-- The problem --
Everything from the line that contains "Naast keyboard speelt" through the last line below should be transcribed exactly, except the pictures.

-- Data provided --
--------------------------------------------------
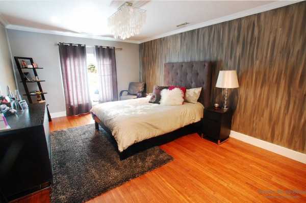 Рекомендуем хорошо подумать над сочетанием материалов для отделки стен: при помощи орнаментированных либо однотонных обоев в сочной палитре можно акцентировать внимание на определённой зоне. Создайте эффектное оформление, выделив, таким образом, зону рядом с кроватью.
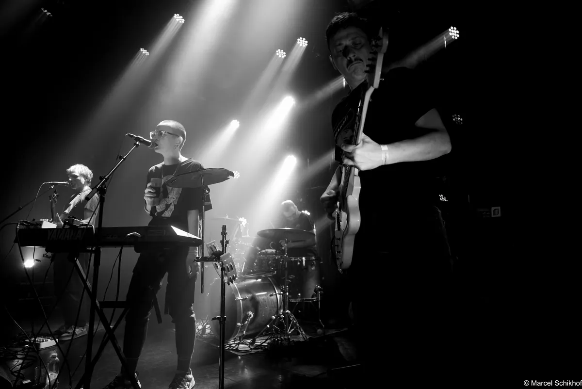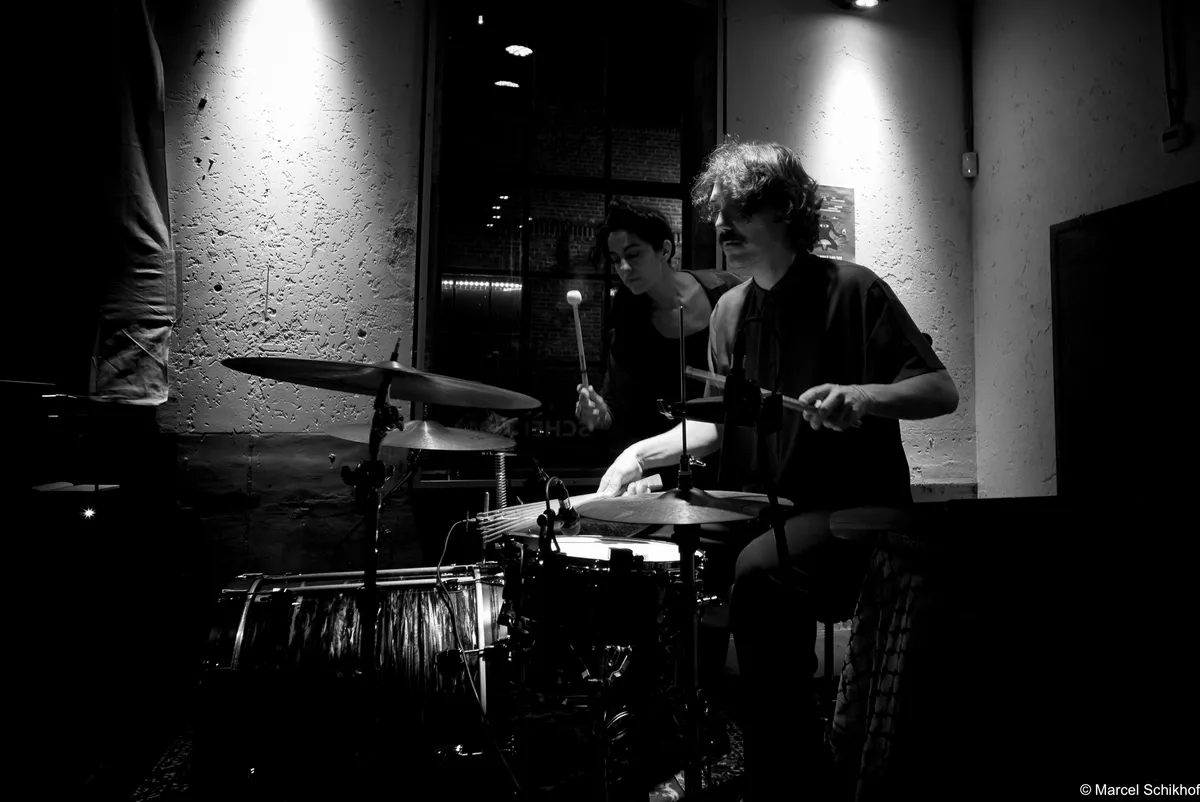 Naast keyboard speelt Agata Horwat vanavond veel meer: tamboerijn, hi-hat, shaker, en is ze afwisselend achtergrond- en frontzangeres. Binnen hetzelfde nummer switcht die rol steeds tussen bassist Łukasz Plata en haar. Gitarist Hubert Kostkiewicz speelt in ‘Blok’ een surfrockriffje, maar dan met veel delay en heel ijl klinkend, als een xylofoon.
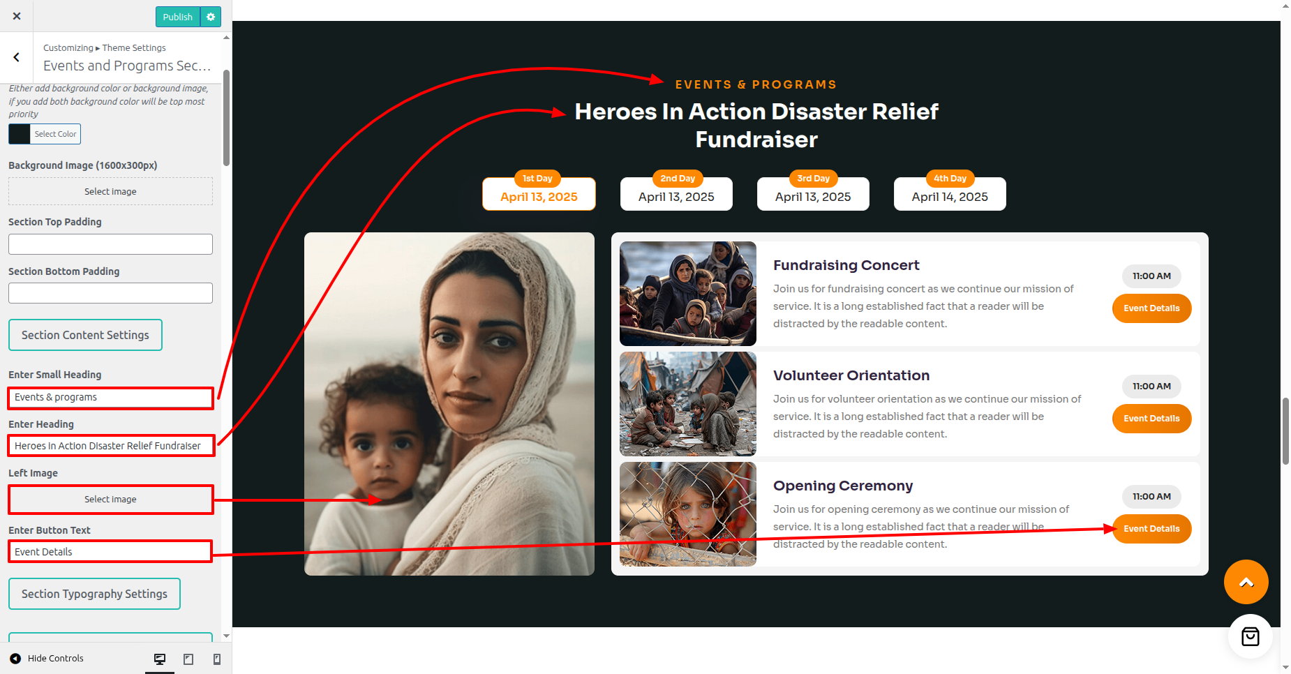 - Proceed to the the Dashboard > Appearance > Customize > Theme Settings > Events And Programs Section.
--------------------------------------------------
-- Exercise answer --
 Naast keyboard speelt Agata Horwat vanavond veel meer: tamboerijn, hi-hat, shaker, en is ze afwisselend achtergrond- en frontzangeres. Binnen hetzelfde nummer switcht die rol steeds tussen bassist Łukasz Plata en haar. Gitarist Hubert Kostkiewicz speelt in ‘Blok’ een surfrockriffje, maar dan met veel delay en heel ijl klinkend, als een xylofoon.
 - Proceed to the the Dashboard > Appearance > Customize > Theme Settings > Events And Programs Section.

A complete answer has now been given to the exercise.